When the straps are pulled up, I sprinkle my dirt into the earthen tomb, wishing I could crawl in and be buried right alongside her. The dark soil spoils the pure white of the flowers, but it feels like a fitting metaphor for what my life is now.

The shovel is gently taken from my hands, and one by one, the pack lines up to help cover my mother and say their final goodbyes. I step to the side of the procession, but I can’t ignore the feeling like something inside me is dying with each shovelful of dirt dropped on top of her.

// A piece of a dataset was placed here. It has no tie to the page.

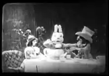 Made by the Edison Manufacturing Company and directed by Edwin S. Porter, the film starred Gladys Hulette as Alice.[1][2] Being a silent film, naturally all of Lewis Carroll's nonsensical prose could not be used, and, being only a one-reel picture, most of Carroll's memorable characters in his original 1865 novel similarly could not be included. What was used in the film was faithful in spirit to Carroll, and in design to the original John Tenniel illustrations. Variety complimented the picture by comparing it favorably to the "foreign" film fantasies then flooding American cinemas.[3]
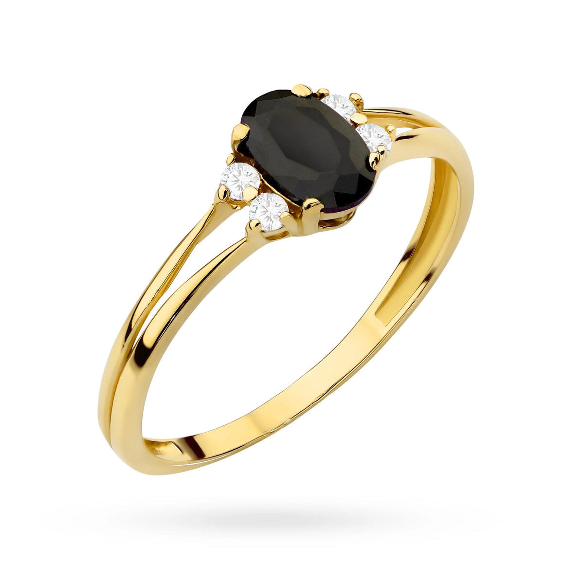 Zlatý prsteň s čiernym oválnym kameňom a zirkónmi

Tilting my head back, I look up at the darkening sky. The vastness of it settles over me, and I try to feel less caged in, less trapped by my pain and my circumstances, but a large body steps next to mine, his heat and intention impossible to ignore. I don’t need the senses of a wolf to know who it is.

I look up to find hair as dark as pitch, skin the color of warm oak, and twisted black eyes. Burke is stacked like a house with enough muscle and brains to hold tight to the reins of the Twin Rivers pack. He’s gorgeous, he knows it, and he likes to act as though his looks and status entitle him to certain things. He doesn’t understand in the slightest that when you’re cruel and corrupt on the inside, it taints what people see on the outside. I like to call it the Gaston complex.

“You’re going to be okay,” he tells me, as though I’m some distraught mess in desperate need of his half-assed consoling.

“I know,” I reply simply, offering a weak smile to someone who pats me on the back as they walk by.

My throat grows tighter as the grave quickly fills up, and all I want to do is wander into the woods I’ve spent my whole childhood in and get lost for a while. To be away from calculating eyes and the crowding grief.

“You’ll have your wolf soon, and all of this will feel more bearable,” Burke declares, as though he even cares or thinks the loss of my mother is something that can be replaced by a pet.

Shame instantly fills me for that thought. The wolf spirit that chooses us is not a pet, I inwardly chastise myself. I subtly move to put a few more inches of distance between me and my alpha. But he steps closer, as though my retreat is an invitation and not an expression of discomfort. I feel his hand land against the small of my back, and the ends of my long hair brush across his arm. He leans down, crowding my space, and as much as I want to pull away from him, I don’t.